In each species, the genotypes studied in our sample did not represent the whole intraspecific genetic diversity. For example, P. cerasus analyzed in our sample were collected in French orchards and could originate from the same pool of progenitors. That is probably why the correspondence analysis, with only A and F genome-specific markers, respectively, did not reveal the clear genetic structure in P. cerasus, which has previously been reported (Iezzoni and Hancock, 1996).

To confirm that F genome-specific markers come from P. fruticosa, samples of this species should be genotyped. It would then be easier to classify each set of markers according to their presence or absence in each diploid species and in tetraploid species carrying the same genome: a procedure which has been successful in Gossypium (Abdalla et al, 2001).
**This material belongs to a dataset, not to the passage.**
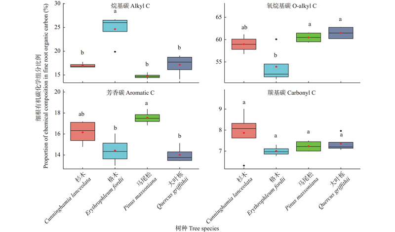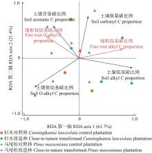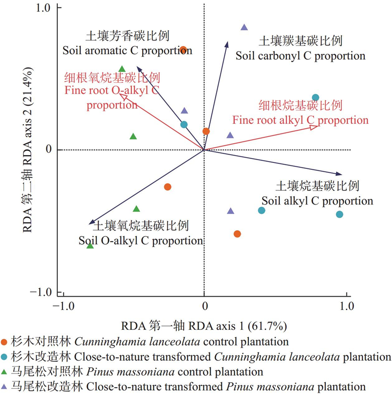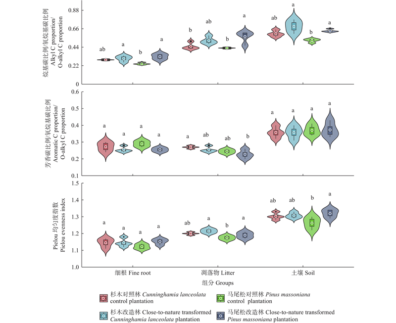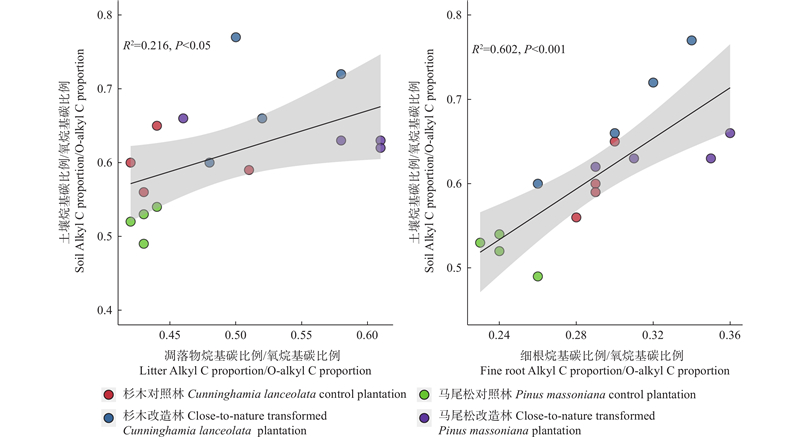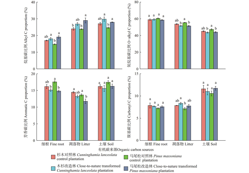 目的: 探究近自然化改造对南亚热带针叶人工林土壤有机碳化学组分及其分布均匀性的影响,为揭示针叶人工林近自然经营土壤有机碳化学稳定性机制提供参考依据。方法: 以经过疏伐后在林下补植乡土阔叶树(大叶栎和格木)的马尾松和杉木近自然化改造林及未改造纯林(包括马尾松改造林、杉木改造林、马尾松对照林和杉木对照林)为对象,采用13C核磁共振技术系统分析土壤、凋落物和细根的有机碳化学组分(烷基碳、氧烷基碳、芳香碳、羰基碳),并利用Pielou均匀度指数评估土壤、凋落物和细根总有机碳中各类有机碳组分分布的均匀程度。结果: 1) 近自然化改造可显著改变马尾松林凋落物、细根和土壤有机碳化学组分:凋落物中,烷基碳比例提高,而氧烷基碳和芳香碳比例降低;细根中,烷基碳比例提高,芳香碳比例降低;土壤中,烷基碳比例提高,氧烷基碳比例降低(P<0.05);然而,近自然化改造对杉木人工林凋落物、细根和土壤中的各有机碳化学组分均无显著影响。2) 马尾松改造林土壤、凋落物和细根的烷基碳比例/氧烷基碳比例比值以及凋落物、土壤Pielou均匀度指数均显著提高。3) 近自然化改造可显著增加土壤微生物生物量碳,但并未显著影响土壤细菌Chao1多样性指数和Shannon-Wiener多样性指数。4) RDA分析表明,细根烷基碳比例和氧烷基碳比例是影响土壤有机碳化学组分最关键的2个因子,说明与凋落物相比,细根有机碳化学组分是导致纯林和改造林土壤有机碳化学组分差异的关键因素。结论: 近自然化改造对土壤有机碳化学稳定性的影响具有明显的树种特异性:马尾松林改造后土壤有机碳化学组分分布更均匀,烷基碳比例及烷基碳比例/氧烷基碳比例比值显著提升,有效增强了有机碳的化学稳定性,而杉木林改造后未产生类似效应。

A large number of crosses between species could occur within the genus Prunus and particularly within the subgenus Cerasus (Iezzoni et al, 1990; Webster, 1996). Backcrosses between P. cerasus and its progenitors exist. The four species P. avium, P. fruticosa, P. cerasus and P. × gondounii are often involved in many crosses with other species, even those from other botanical sections. For example, P. fruticosa could cross with Prunus canescens (Rehder, 1947). It would be very interesting to study all the Prunus subgenus Cerasus species, in order to analyse the genetic relationships between them and to have a better knowledge of the crosses involved.